After you’ve focused on two words, it’s time to begin attempting simple solutions. Don’t overcomplicate things – just use common letters and do your best to make words. So, if we use the first part of question two again, my instincts would be to follow ‘sla’ with either a P to make ‘slap,’ an M to make ‘slam’ or a T to make ‘slat.’ I would then try each letter in turn with the second word. They would form pask, task, and mask. Only task and mask work.
So, we now need to move to the second group of words. We have ‘axim’ and ‘ore’. If we try both, we would get taxim, and tore – tore is certainly not a word, and while taxim sounds like it could be, it’s not! On the other hand, maxim and more are both words. So, the best option is M.

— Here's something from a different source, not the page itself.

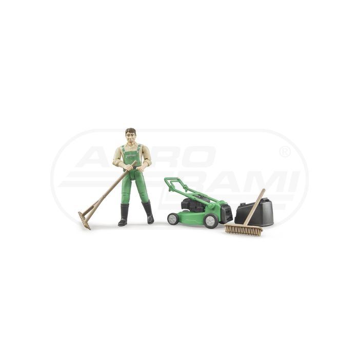 Figúrka záhradníka s kosačkou, hrabľami a metlou Bruder 62103

Let’s look at a worked implementation again.
Boo (?) ill ban (?) ept
So, my first thought here is to quickly glance at all the words. I’m naturally drawn to the first set of words, as I find ‘ept’ to be a more difficult ending to deal with. Remember, this is a personal instinct, and you might feel differently. As such, having read all the words, I now focus on the first group in particular. Time for some simple solutions. I would try T, K N, all of which form words in the first group. Now, it’s time to move across to the second group. I could form words here using K, but not N, and not T. Therefore, K is right, as we can form book, kill, bank, kept.